To answer this question, the team conducted a series of experiments. They first repeated the above experiment using mice that lack a number of important immune cells, including T cells. Though housed in an enriched environment, these immunodeficient mice didn’t exhibit the increase in brain-cell renewal seen in the trials with normal mice. When the scientists repeated the experiment, this time with mice missing only the T cells, they again found impaired neurogenesis, confirming that T cells themselves were the critical factor in forming new brain cells.

 

In yet another set of experiments, they found that mice possessing certain CNS-specific T cells (those that recognize brain proteins) performed better in some memory tasks than mice lacking the cells. These findings, taken together, led them to suspect that the primary role of the CNS-specific T cells is to enable certain brain regions to form new nerve cells so as to maintain the capacity for learning and memory, and that their observed role in pathological situations is an extension of this primary role. The work is an outcome of a long-term collaborative effort of Prof. Schwartz and Dr. Jonathan Kipnis (a former student and post-doctoral fellow in Schwartz’s lab and now assistant professor at the University of Nebraska), together with graduate students Yaniv Ziv, Noga Ron and Oleg Butovsky, and in collaboration with Dr. Hagit Cohen of the Ben-Gurion University of the Negev, Beersheba.

 
Schwartz points out that autoimmune T cells don’t affect levels of intelligence or motivation; rather, they allow the organism to achieve the full potential of its brainpower. "These findings," she says, "give new meaning to ‘a healthy mind in a healthy body.’ They open up exciting new prospects for the treatment of cognitive loss." Knowledge that the immune system contributes to nerve cell renewal may have far-reaching implications for the elderly, in particular, because aging is known to be associated with a drop in immune system function accompanied by a decrease in new brain cell formation and memory skills. By manipulating and boosting the immune system, it might be possible to prevent or slow age-related memory loss.
 
Prof. Michal Schwartz's research is supported by the Nella and Leon Benoziyo Center for Neurological Diseases; the Carl and Micaela Einhorn-Dominic Brain Research Institute; the Alan T. Brown Foundation to Cure Paralysis; Mr. and Mrs. Irwin Green, Boca Raton, FL; Mr. Gerald Kaufman, Chicago, IL; and Mr. and Mrs. Richard D. Siegal, New York, NY. Prof. Schwartz is the incumbent of the Maurice and Ilse Katz Professorial Chair of Neuroimmunology.

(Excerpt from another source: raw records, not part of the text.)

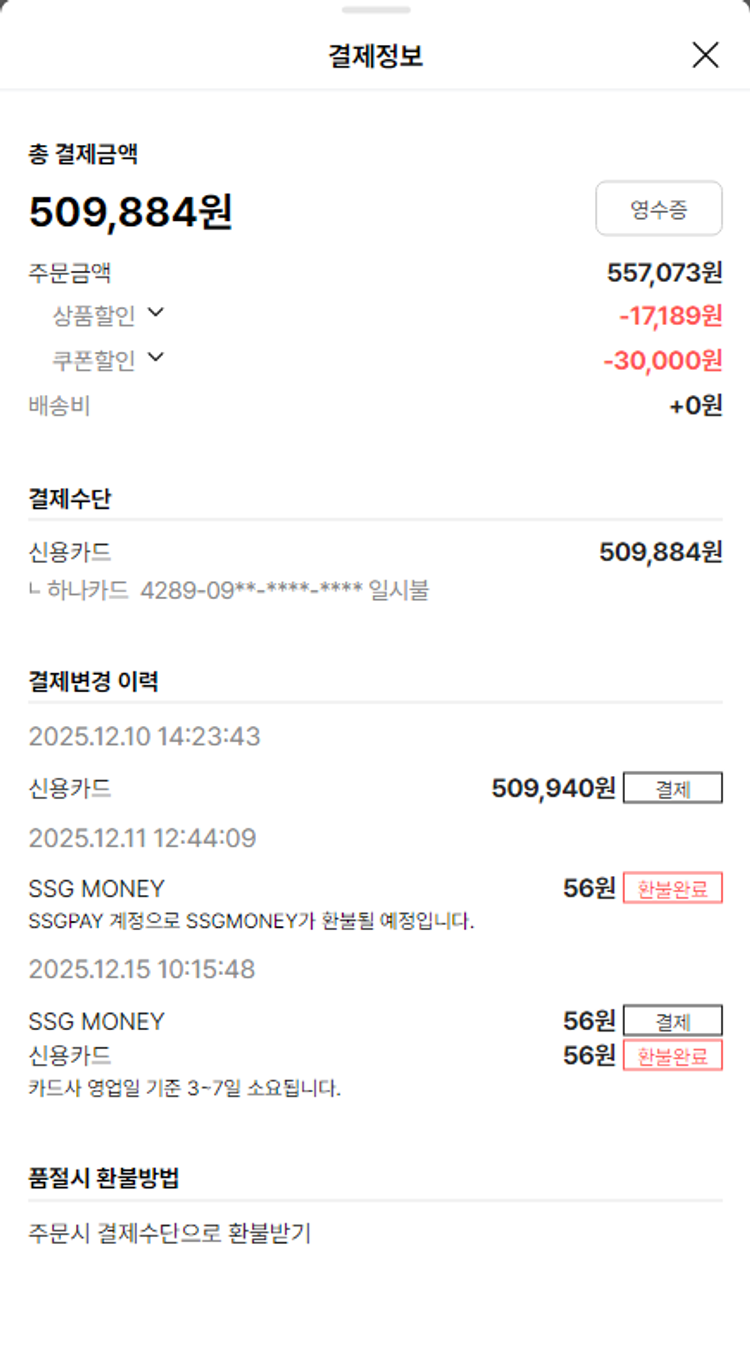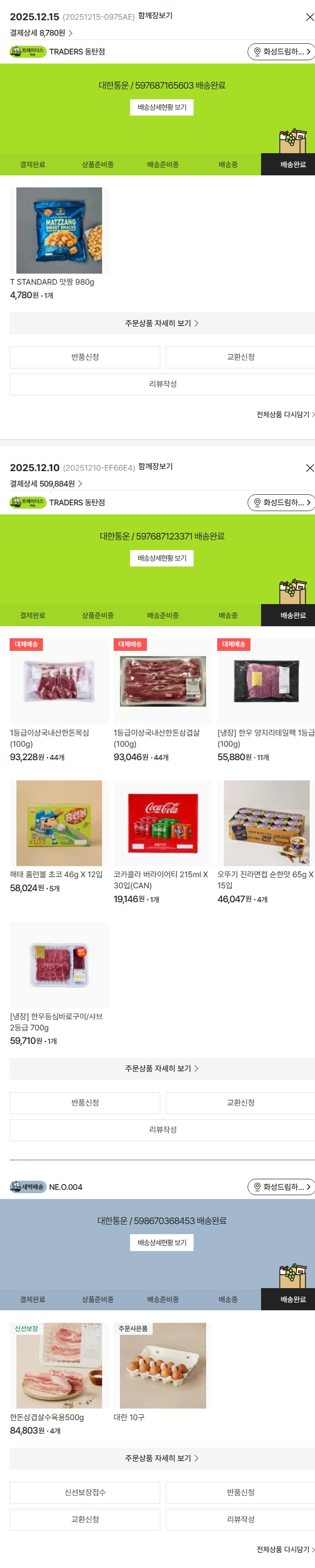 물품배송비 4,000원, 가격상승분 14,594원, 100원 미만 지원금 70원, 결제 수수료 15,400원, 기타 사업비는 행복나눔재단이 부담했습니다. (기부후기 발송시점에 최종 업데이트 됩니다.) 2025-12-15 물품 중량 차액 환불로 추가 주문하였습니다. 실제 쇼핑몰에서 확인되는 배송현황을 캡처한 내용입니다. 실시간 자료와는 차이가 있을 수 있습니다.
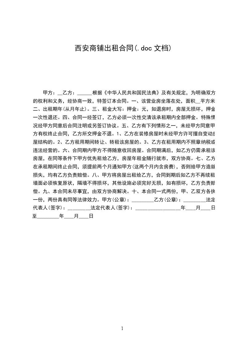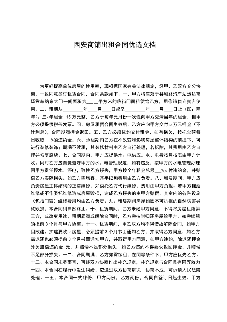 一、甲方将座落于县城路汽车站运达商场靠车站东大门一间面积为_____平方米的临街门面租赁给乙方,用作销售专卖店使用。
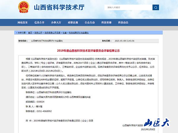 近日,山西省科技厅公布了2019年度山西省科学技术奖评审委员会评审结果,万象城及附属医院共有各项科技奖励28项进入公示,其中,一等奖3项、二等奖13项、三等奖12项,获奖总数均位居全省高校第一。据省科技厅官网信息,我省2019年度共有204个项目通过了评审委员会评审,其中一等奖18项、二等奖87项、三等奖89项,企业技术创新奖10项。其中,省内高校共有76项奖励进入公示环节。
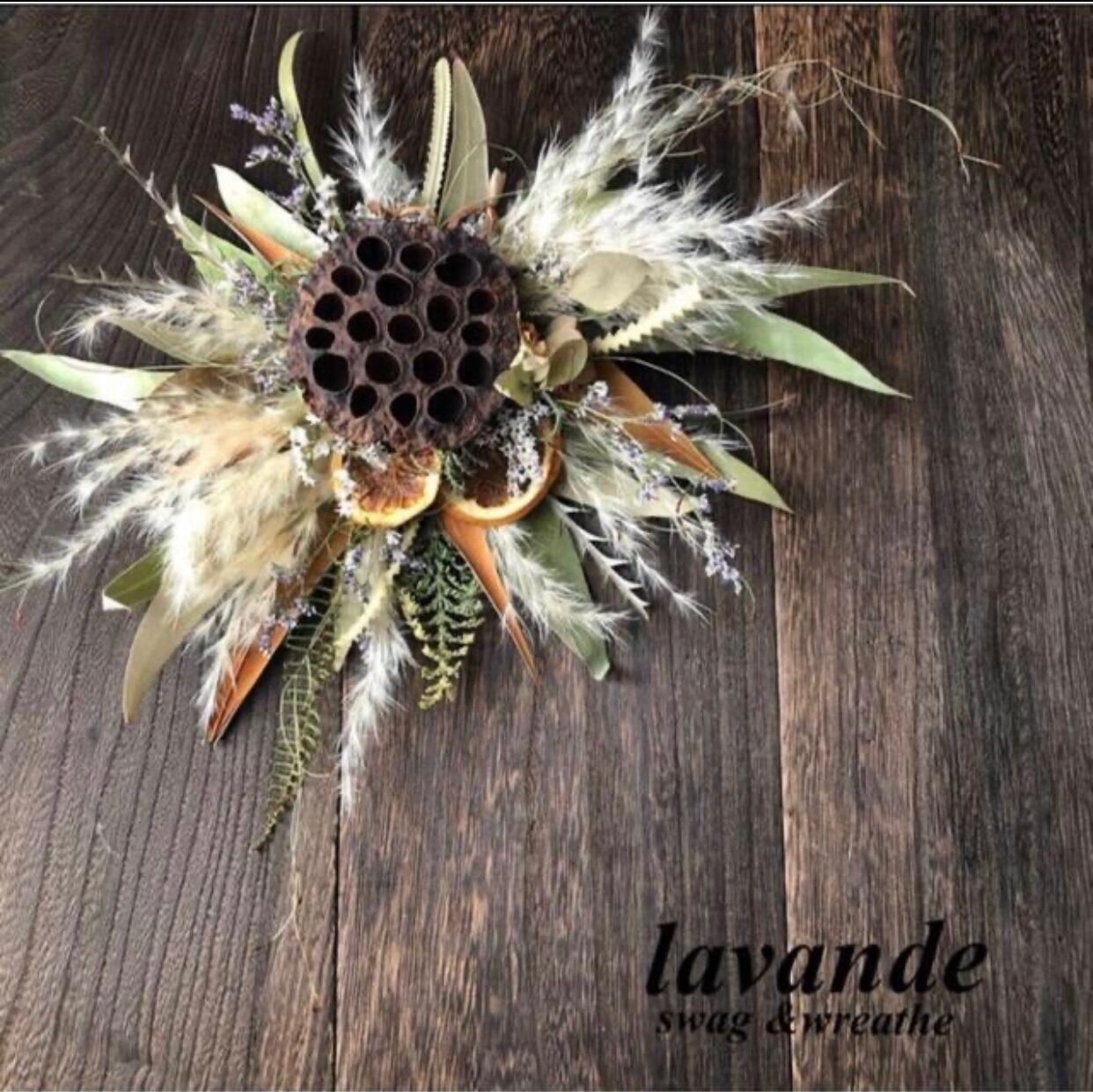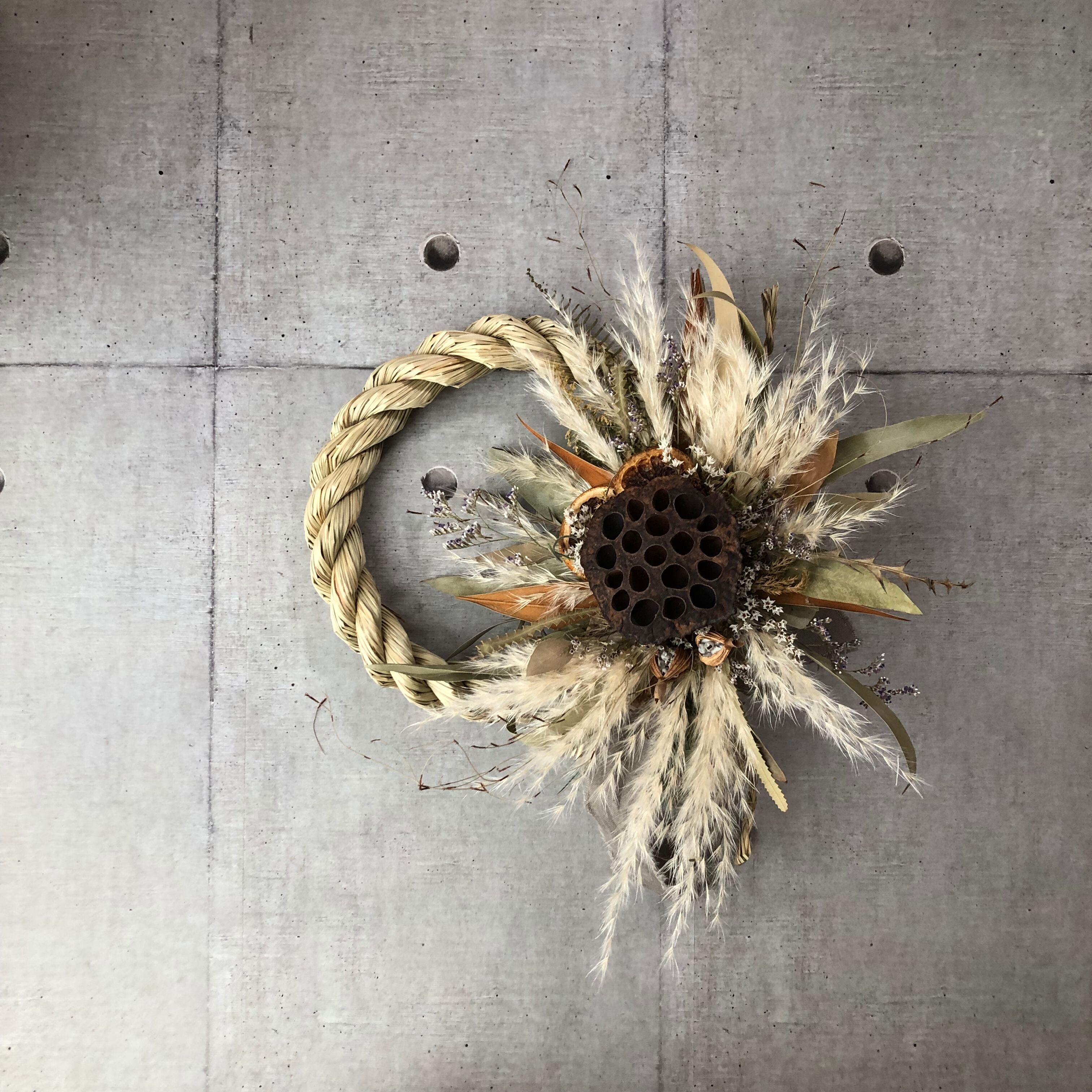 ハイブリッドスターチスなどを使用したしめ縄飾りです。

Healthier mice have shorter routes

 

 

'T' for Trauma

 
In addition to the maintenance of brain cell renewal and cognitive abilities, T cells that recognize brain antigens may improve the ability of mice to cope and to adapt their behavior to stressful life events. Mice that lack these cells manifest responses typical of those of post-traumatic stress disorder (PTSD). This finding of Drs. Cohen and Kipnis and Prof. Schwartz's team has recently been published in the Journal of Neurobiology.
 
Schwartz says that these results may, in the future, lead to the development of T-cell-based vaccines, which might be used to help prevent the development of PTSD following stressful episodes.